Seattle – In two separate criminal cases, Western Washington artists are charged with violating the Indian Arts and Crafts Act (IACA) by representing themselves as Native American artists, when they have no tribal membership or heritage, announced U.S. Attorney Nick Brown. The men, 52-year-old Lewis Anthony Rath, of Maple Falls, Washington, and 67-year-old Jerry Chris Van Dyke aka Jerry Witten, of Seattle, made their initial appearance on the complaints in U.S. District Court in Seattle at 2:00 PM December 10th.
“Our special agents investigate crimes that violate the Indian Arts and Crafts Act on behalf of the U.S. Department of the Interior and the Indian Arts and Crafts Board,” said Edward Grace, Assistant Director of the U.S. Fish and Wildlife Service Office of Law Enforcement. “By flooding the market with counterfeit Native American art and craftwork, these crimes cheat the consumer, undermine the economic livelihood of Native American artists, and impairs Indian culture. We thank the Indian Arts and Crafts Board and the U.S. Department of Justice for their assistance with these investigations.”
The investigation of Jerry Van Dyke began in February 2019, when the Indian Arts and Crafts Board received a complaint that Van Dyke was representing himself as a Nez Perce Indian Artist, when in fact, he is not an enrolled tribal member. Investigators from the U.S. Fish and Wildlife Service made undercover purchases at a gallery in the Pike Place Market area of Seattle that advertised pendants Van Dyke had made as Native American Art. Van Dyke used the name Witten for these sales. When interviewed by agents, Van Dyke admitted knowing about the Indian Arts and Crafts Act, and admitted he was not a tribal member. Through the gallery Van Dyke had sold more than $1,000 worth of carved pendants represented as Native American artwork based on Aleut masks.
Van Dyke is charged with two counts of Misrepresentation of Indian Produced Goods and Products.
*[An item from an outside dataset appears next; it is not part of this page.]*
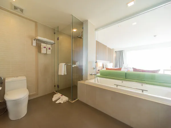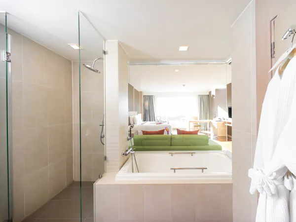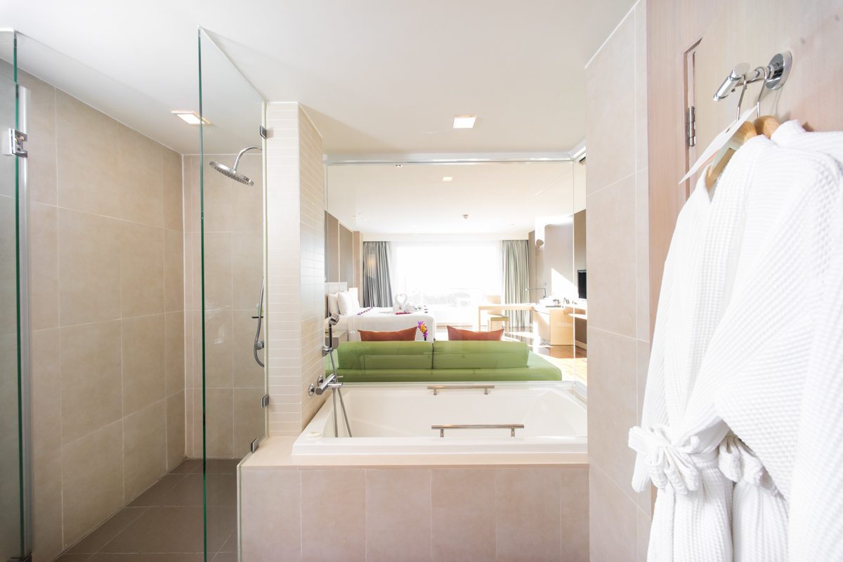 Deluxe Rooms (42 sqm.) offer a sumptuously appointed space with all modern conveniences including internet access. The bathtub and separate shower are standard features of this elegant bathroom.
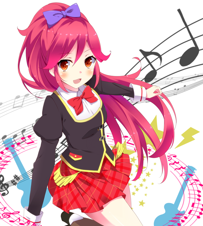 10s 1girl aikatsu! aikatsu!_(series) bad_id bad_pixiv_id bow female_focus hair_bow juliet_sleeves kurono_yuzuko long_hair long_sleeves musical_note open_mouth otoshiro_seira pink_hair ponytail puffy_sleeves red_eyes school_uniform shirt skirt smile solo very_long_hair

The investigation of Anthony Rath began in May 2019, after a complaint to the Indian Arts and Crafts Board. The investigation revealed that Rath falsely represented himself to be a member of the San Carlos Apache Tribe. Undercover agents purchased a carved totem pole and necklace from the same Pike Place Market gallery for more than $1,334. Agents noticed the gallery had other carvings by Rath that were represented as Native produced. At another shop on the Seattle waterfront agents purchased another carved totem pole and a mask, again represented to be Indian produced. The biography of the artist at both shops falsely claimed that Rath was Native American. Internet sites Rath used to sell his artwork also falsely claim he is an enrolled member of the San Carlos Apache Tribe.
When agents executed a search warrant on Rath’s Whatcom County home and studio, they found he also possessed feathers from protected birds: golden eagles and other migratory birds such as hawks, jays, owls and more.
Rath is charged with four counts of Misrepresentation of Indian Produced Goods and Products, one misdemeanor count of Unlawful Possession of Golden Eagles Parts and one misdemeanor count of Unlawful Possession of Migratory Bird Parts.
Misrepresentation of Indian Produced Goods and Products is punishable by up to 5 years in prison. The misdemeanor counts related to bird parts are punishable by up to 1 year in prison.
The charges contained in the complaints are only allegations. A person is presumed innocent unless and until he or she is proven guilty beyond a reasonable doubt in a court of law.
The cases are being investigated by the National Fish and Wildlife Service. The cases are being prosecuted by Assistant United States Attorney J. Tate London.